As they descended the stairs she put her hand under his elbow to aid him, and, though the assistance[33] was quite unnecessary, it pleased him so much that he was conscious of an inclination to play the invalid with closer similitude than actuality warranted. Nobody had ever looked after him since he was a child, and, as in the case of all men who believe they detest feminine aid, the experience was surprisingly gratifying.
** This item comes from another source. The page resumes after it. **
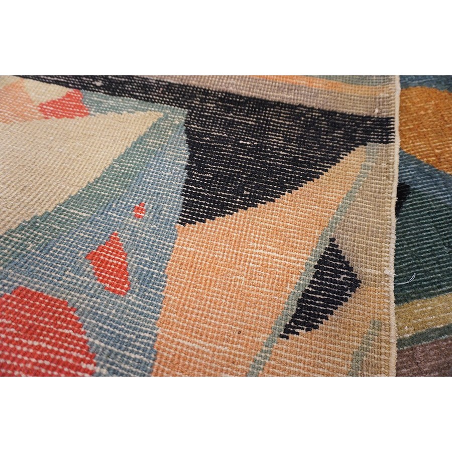 DescriptionChineseCarpets made in China proper. See entries Ningshia, Peking, Art Deco. Chinese - Art DecoAs the name implies, pieces woven between the wars for the Western market by mostly American owned firms especially Nichols and Fette, in thick heavy weaves using strong colors, asymmetric patterns and downplaying the Chinese-ness of the carpet. Nichols rugs are more strong toned than the pastel Fette. Most were woven in the coastal port city of Tientsin. Other lesser known workshops were also active. Some pieces are ultra-geometric and haute-Deco moderne in character: these are very rare. More frequent are pieces with bits of Chinese ornament: vases or other precious objects, paeonies, vines, fences, etc. Most common is the 9 x 12 size, in colors never found in mainstream Chinese rugs: backgrounds in black, mauve, purple, hot pink, orange, olive, employing the best synthetic chrome dyes of the period. Prices are still reasonable and carpets in top condition are available. | |

On the verandah they sat together in two basket chairs, and presently she so directed their conversation that he found himself talking to her as though she were his oldest friend. He told her tales of the desert, described his life at the mines, and tried to explain the dread he felt at the thought of returning to them. There was no complaint in his words: he was something of a fatalist, and, being obliged to earn his bread and butter, he supposed his lot to be no worse than that of hosts of other men. After all, anything was better than sitting on an office stool.
She listened to him, encouraging him to talk; and the morning was gone before he suddenly became conscious that she and not he had played the part of listener.
“Good lord!” he exclaimed. “How I must be boring you! There goes the bell for déjeuner. Why didn’t you stop me?”
“I was interested,” she replied, turning her head aside. “You have shown me a part of life I knew nothing about. My own wanderings have been so much more sophisticated, so much more ordinary.” She looked round at him quickly. “By the way, I am leaving you to-morrow. I have to go to Cairo for a week or so.”
[34]
Jim’s face fell. “Oh damn!” he said. His disappointment was intense. “Why should you go to Cairo?” he asked gloomily. “It’s a beastly, hot, unhealthy place at this time of year.”
“I shan’t be gone long,” she answered. “I just have to paint one picture. And when I come back I shall expect to find you strong and well once more. Then we can do all sorts of wonderful things together.” She paused, looking at him intently. “That is something for us to look forward to,” she added, as though she were talking to herself.